Background technology
Alpha-amylase is one of zymin kind of the most successful industrial applications, and this is because enzymically hydrolyse can be in the stability of controlling starch hydrolysis, atopic and product to a greater extent.Gentle reaction conditions comprises lower temperature of reaction, near neutral pH etc., reduce thus the energy in producing consumption, reduce production costs and environmental pollution, can improve output and bring multiple advantages such as useful economic benefit, social benefit.
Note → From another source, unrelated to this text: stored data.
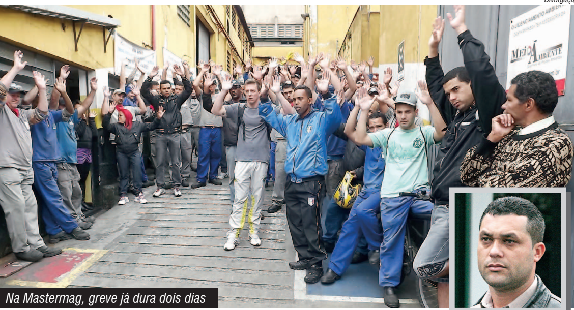
Na Mastermag, greve já dura dois dias

A Mastermag contrata 70 metalúrgicos e faz parte do Grupo 3.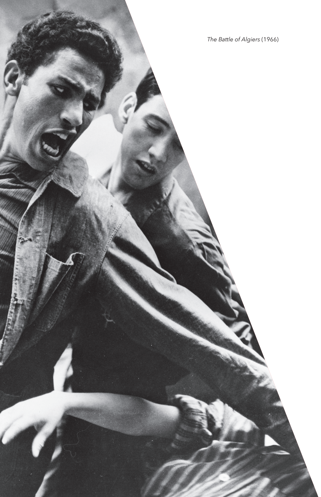
The Battle of Algiers (1966)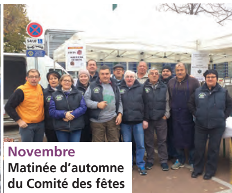
Novembre Matinée d'automne du Comité des fêtes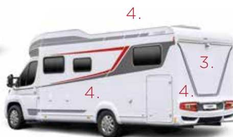
(hier afgebeeld is de Tourer H 730 G)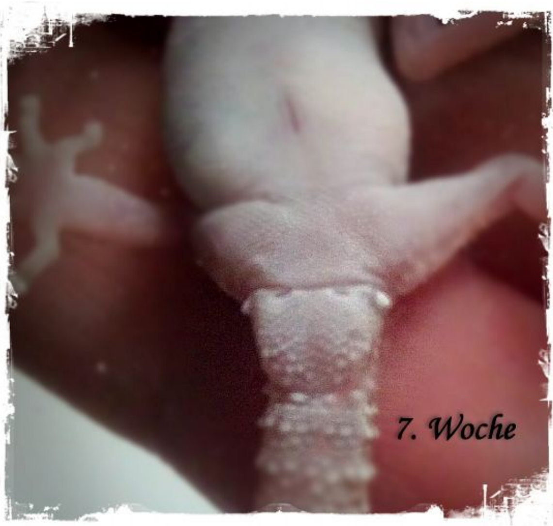
Männchen, 7 Wochen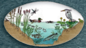
helder en diep water vol leven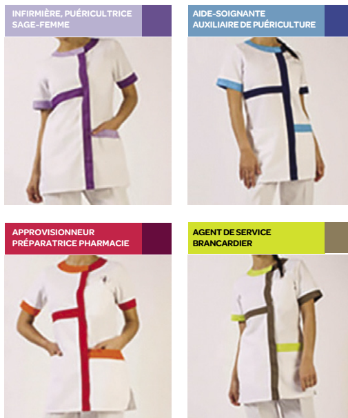
Une équipe à votre écoute

Différentes catégories de professionnels participent à votre prise en charge. Chaque fonction se distingue par un code couleur repérable sur les tenues ou par leur badge.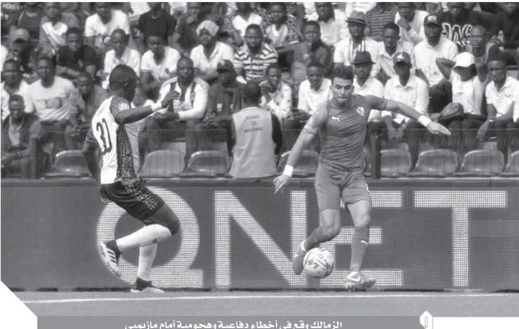
الزمالك وقع في أخطاء دفاعية وهجومية أمام مازيمبي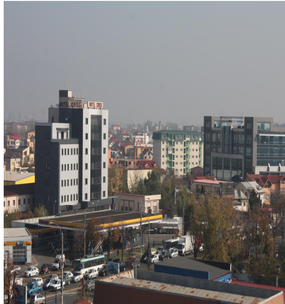
Hotel CRISS - Bucuresti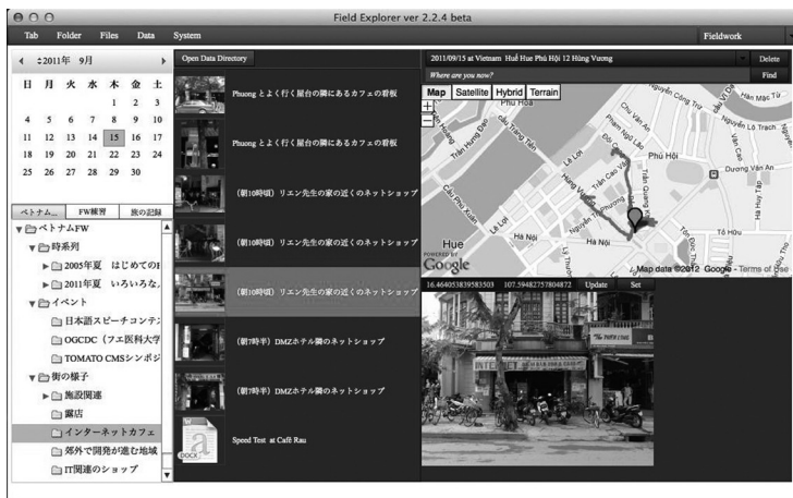
図2 時間的・位置的な関連性をもとに記録を表示するインターフェイス

図2は、ノート PC 版 Field Explorer の画面である。カレンダー、地図、階層化したキーワード群、対応する記録を表示する部分、写真や映像などのプレビューを表示する部分、以上の各部を同一画面上に配置している。これにより、たとえばカレンダーの日付をマウスでクリックすれば、その日に採取した記録が時系列で媒体の区別無くリストアップされ、地図上には記録を採取した場所が表示される。このとき GPS ロガーを使用していれば、あわせてどこをどう歩いたのかという動線を把握することが可能となる。また、個々の記録を選択すれば、その記録を採取した日時がカレンダー上に表示され、同時に地図上にはその記録を採取した場所が表示され、写真や映像であれば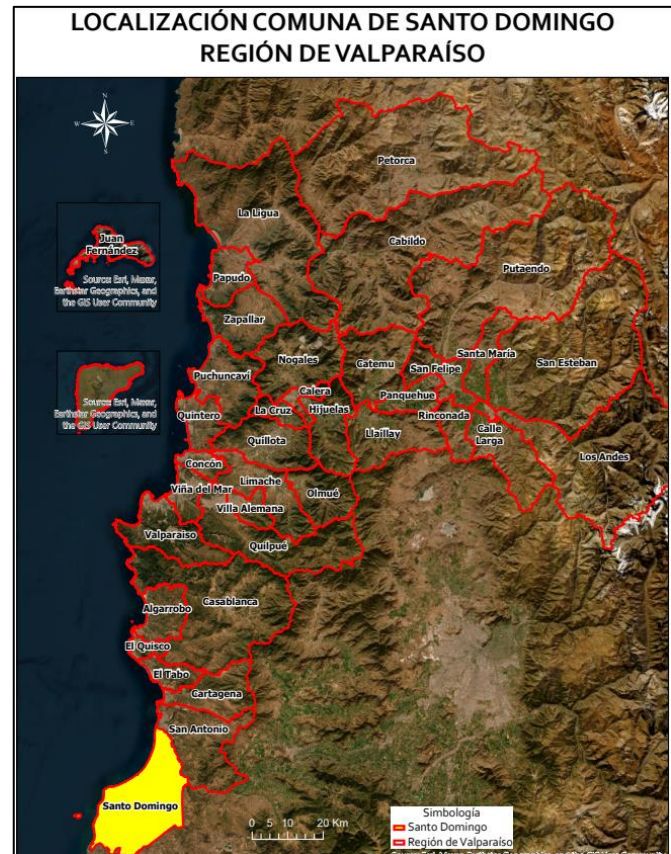
Limite comunal Santo Domingo

La comuna de Santo Domingo se creó bajo el Artículo 4º de la Ley N° 8.409 del 21 de enero de 1946. El acta inaugural data del domingo 17 de febrero del mismo año, donde en sesión extraordinaria, se crea por decreto N° 317 la primera Junta de Vecinos (Municipalidad de Santo Domingo, 2016).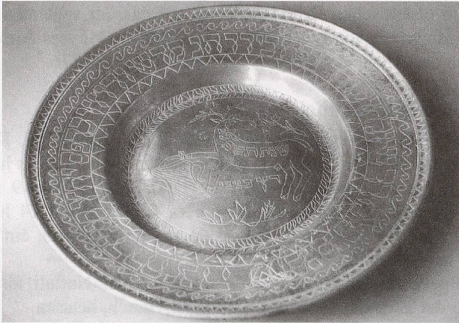
Abb. 4 Zinnteller für Hirsch = Hirtz = Naftali. Die Inschrift auf dem Teller lautet übersetzt: Renne wie ein Hirsch. Jahrzahl 1786

Mit fortschreitender Assimilation wurden auch die Vornamen angeglichen. Aus Josua wurde Georges, aus Schönele Jeannette, aus Breinle Brunetta, aus Chaim Heinrich.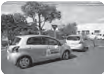
燃費計をつけて市内コースを運転

地球にも財布にもやさしいエコドライブを心掛けて…一人一人の取り組みが大きな力となります。

Amylase has been widely used in industries such as processing, food service industry such as maltose, beer, yellow rice wine, glucose, monosodium glutamate, the microbiotic of destarch, the paper industry starch slurry of textile industry; In detergent industry, make an addition to proteolytic enzyme, lipase and to make multienzyme washing powder etc. in the washing powder, have utmost point purposes widely.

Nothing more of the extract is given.